In the first allegation, Sydney lawyer Gordon “Rose” Bay, whom Justice Kirby describes as an “old friend”, told The Australian newspaper that, in mid-2002, he witnessed Justice Kirby undo his seat-belt buckle, and then move to stand up, before the aircraft they were both travelling on had come to a complete stop at the Sydney Airport airbridge, in direct defiance of government regulations on the topic, as well as raising questions of future conflict of interest should the High Court be called upon to adjudicate a civil aviation safety matter. When questioned, Justice Kirby said that, to the best of his recollection, he was the last person to stand up on the plane in question, and that on the conflict of interest issue, he was happy for to declare his seat-belt and disembarkation preferences and habits at the start of any trial during which they may in any way become an issue. Constitutional law experts contacted last night generally concurred with Justice Kirby. One expert went further, doubting that the relevant air safety regulations would even stand up to a High Court test, and saying that they merely codified the common law, which was to the effect that actual time of personal unbuckling (and standing up, should space permit) was irrelevant – the only rule was that one could not, under any circumstance “jump the gun” by disembarking before one or more persons from a more-forward seat row had reached the airbridge.

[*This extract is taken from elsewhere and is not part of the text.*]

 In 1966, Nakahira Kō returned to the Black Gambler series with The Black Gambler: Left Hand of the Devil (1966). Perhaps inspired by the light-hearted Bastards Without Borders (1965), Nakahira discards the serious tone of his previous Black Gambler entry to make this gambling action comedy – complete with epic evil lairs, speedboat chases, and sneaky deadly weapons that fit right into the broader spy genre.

Justice Kirby’s alleged misuse of a marker pen belonging to the Commonwealth was a focus of proceedings in today’s unusual Federal parliamentary “summer session”. Midway into a speech on Australian family values, NSW senator Bill Heffernan paused and had a tipstaff bring in a graffiti-covered toilet door, said to be from a Darlinghurst hotel. In the middle of this door, Senator Heffernan described for the benefit of the Hansard reporters, was an inscription written by a black marker pen, saying “For a good time, ring Michael on …”. The phone number itself could not be deciphered, Senator Heffernan explained, because it had at some stage been covered by an “I Shoot and I Vote” sticker, which proved impossible to remove without also removing the key layer of paintwork on which “Michael’s” phone number had been written.

Nonetheless, Senator Heffernan stated, there was conclusive, firm evidence to link “Michael’s” toilet door graffito to Justice Kirby. Brandishing a High Court stationery order docket, Senator Heffernan read from it – “Black marker pen, Darlinghurst dunny-trawling strength”.

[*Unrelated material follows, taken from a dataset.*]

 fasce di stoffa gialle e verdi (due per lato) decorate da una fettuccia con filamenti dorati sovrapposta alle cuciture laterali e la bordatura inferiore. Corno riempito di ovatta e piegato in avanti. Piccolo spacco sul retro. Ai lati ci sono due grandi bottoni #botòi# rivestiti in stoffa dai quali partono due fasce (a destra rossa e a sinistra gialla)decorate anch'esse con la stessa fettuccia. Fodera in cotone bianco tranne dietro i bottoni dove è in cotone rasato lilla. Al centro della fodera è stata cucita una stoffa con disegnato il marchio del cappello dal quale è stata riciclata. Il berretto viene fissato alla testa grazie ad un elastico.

Following uproar in the House over this allegation, an investigation yesterday afternoon was quickly able to establish that the stationery order docket was a crude forgery. In the face of this evidence, Senator Heffernan apologised unreservedly to Justice Kirby.

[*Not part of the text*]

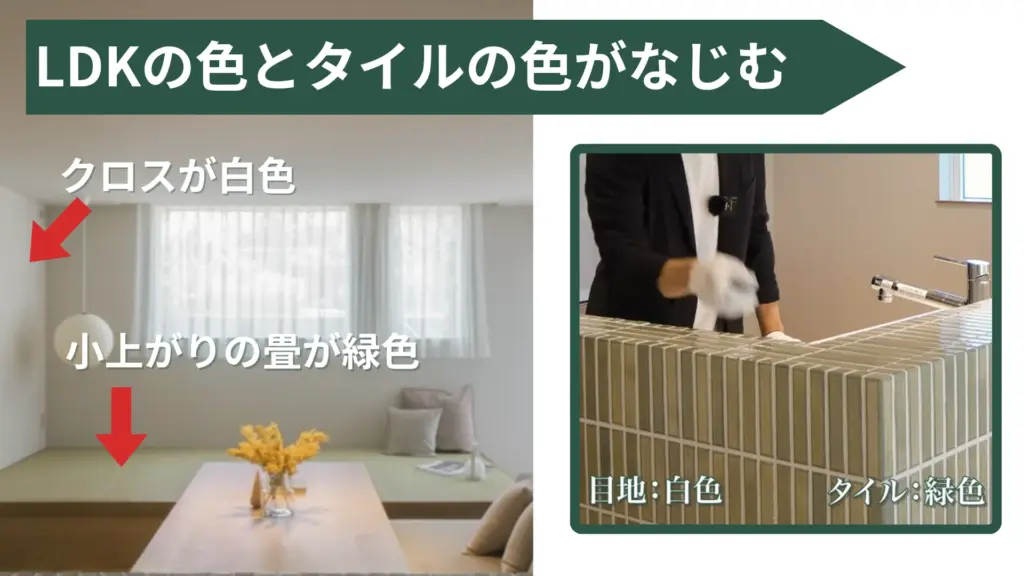 腰壁に使うタイルの色は、LDK全体の色と調和する色を選ぶと、空間全体がまとまっておしゃれに見えます。

Justice Kirby’s problem were still not quite over for the day, however, when he jocularly suggested at a media conference that the newly-infamous toilet door be acquired by the Parliament House art collection, and put on public display. Late yesterday evening, privacy advocates leapt upon Justice Kirby’s suggestion for the toilet door, with one calling it “an outrageous breach of civil liberties”. For his part, Senator Heffernan issued a midnight media release, calling for a independent inquiry into the purposes for which Justice Kirby wanted the toilet door placed on public display, and whether, “in particular, these purposes may have included Justice Kirby’s own need for unnatural personal gratification from fresh sources”.